Во втором томе той же книги «Мир как воля и представление» — целиком состоящем из дополнений к отдельным частям первого тома, и §§ 33–34, которые мы читали из первого тома, соответствует глава 30 второго тома — Шопенгауэр еще раз говорит, что растворение во «всём», опыт это ты «до него никогда не находили себе выражения», потому требуется еще несколько пояснений. Мы видим, что нужда в новых и новых объяснениях не проходит, и будет кстати, если мы вспомним здесь свирепую ненависть Витгенштейна к объяснениям, которых у него все просили. Объяснения из первого тома мы читали, во втором они на первый взгляд другие.

«При непосредственном рассмотрении мира и жизни мы, как правило [никаких исключений тут пока], видим вещи лишь в их отношениях, следовательно в их относительном, не в их абсолютном существе и существовании. Мы тогда, скажем, рассматриваем дома, корабли, машины и подобное с мыслью об их цели и их соответствии цели, людей — с мыслью об их отношении к нам… Мы можем такое рассмотрение отношений продлевать в большей или меньшей мере до отдаленнейших звеньев связующей их цепи… Это рассмотрение вещей в их отношениях, а через посредство их отношений — и в соответствии с положением об основании (в свете причины и назначения). Этому способу рассмотрения каждый большей частью и как правило отдан; я думаю даже что большинство людей вообще ни к какому другому неспособно. — Но если происходит в порядке исключения [как в первом томе], что мы испытываем мгновенное [в первом томе — внезапное] повышение интенсивности нашей интуитивной интеллигенции, то сразу (sogleich) мы видим вещи совсем другими глазами, воспринимая их уже не в их отношениях, но в том, что они есть в себе и сами по себе, ощущаем внезапно (plötzlich) помимо их относительного также их абсолютное существование».

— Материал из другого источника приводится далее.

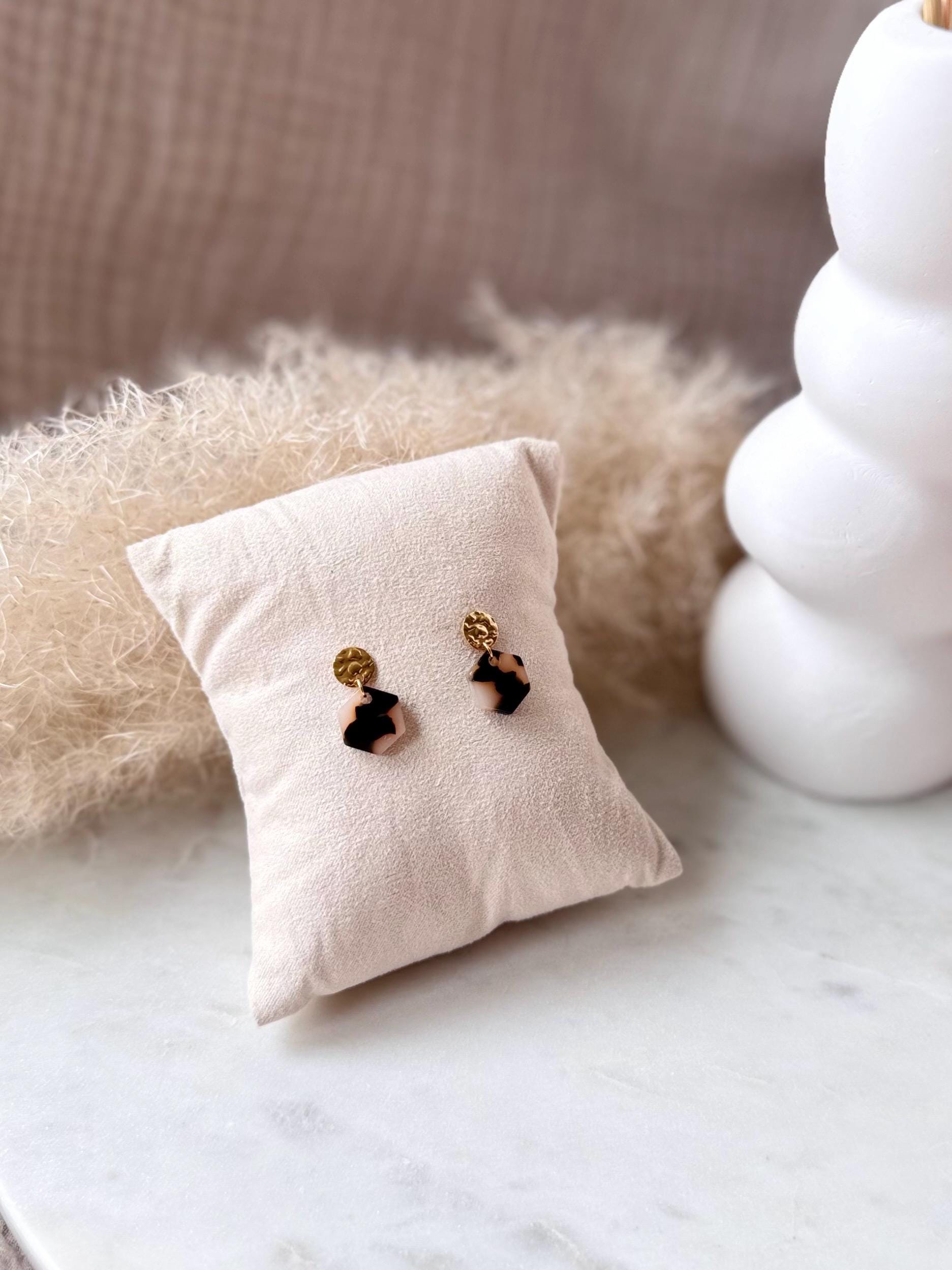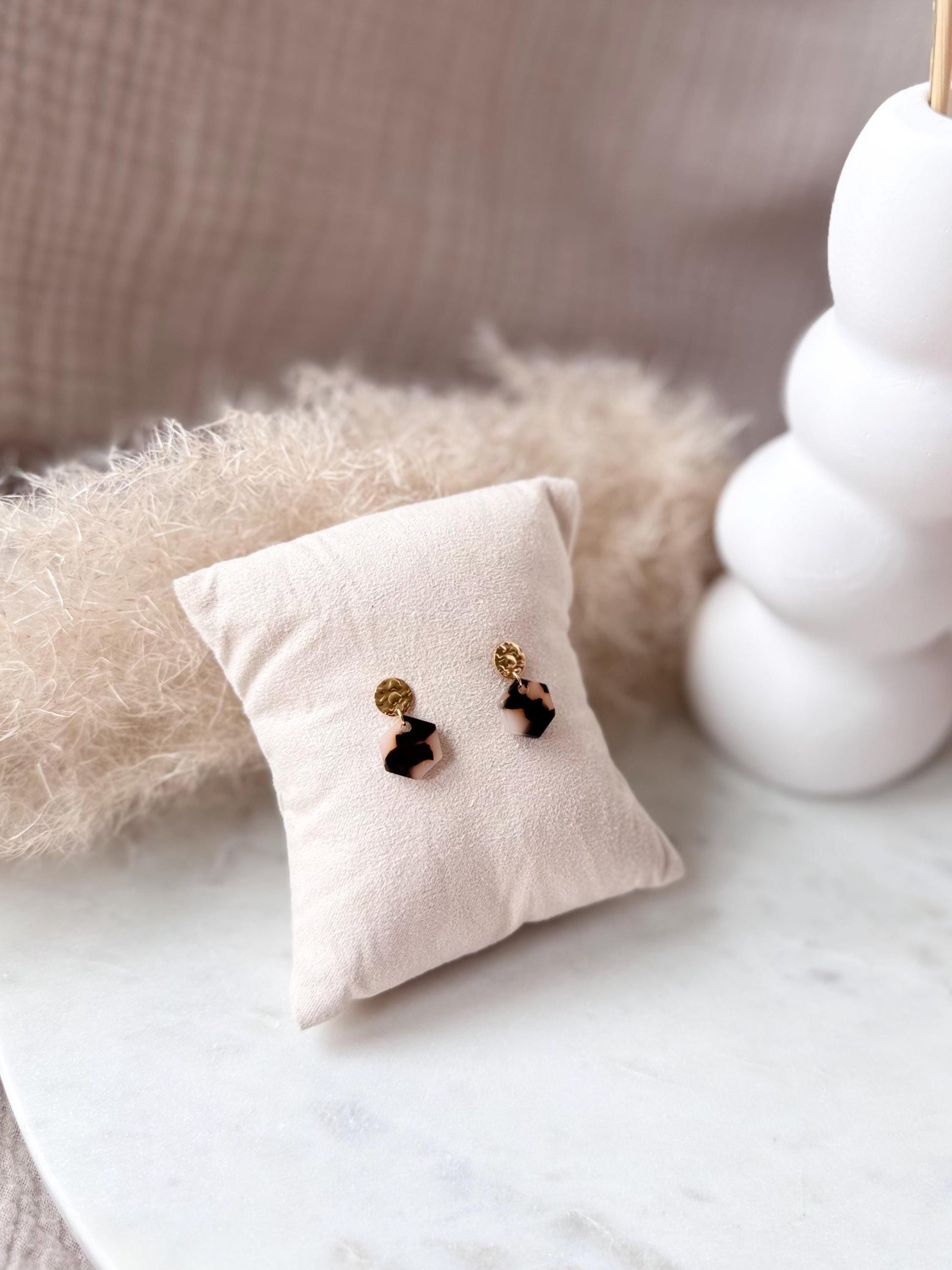 Vergoldete Edelstahl Ohrringe mit Resin Anhänger in Hexagonform - Handgefertigt

Здесь, в переходе от одного «существования» к другому, надо искать решение той странности, на которой мы споткнулись прошлый раз, когда Шопенгауэр без объяснения, — т. е. он всё объясняет кроме этого одного, — от созерцания «дерева, скалы, здания», «предметов природы», перешел к миру. Кто «внезапно» видит вещи как они есть «в себе», становится «носителем» мира. Мир это не обязательно много вещей, к нему есть прямой переход и от одной вещи. Отсюда сомнительность приглашения познавать много, чтобы составить в конце концов картину мира. Можно знать массу вещей и не стать ближе к целому. Как бы еще не хуже, гонясь за многим мы только затемняем себе целое, оно начинает нам мерещиться суммой, мы забываем детскую память о том какого рода вещь целое. Целое больше похоже не на границу, а на горизонт. Горизонт тоже похож на границу, можно даже довольно точно заранее измерить, сколько километров до горизонта, но пройти вот эти километры не будет значить дойти до горизонта. Кто прошел много или всё, не ближе к горизонту, чем кто не сделал к нему ни шагу.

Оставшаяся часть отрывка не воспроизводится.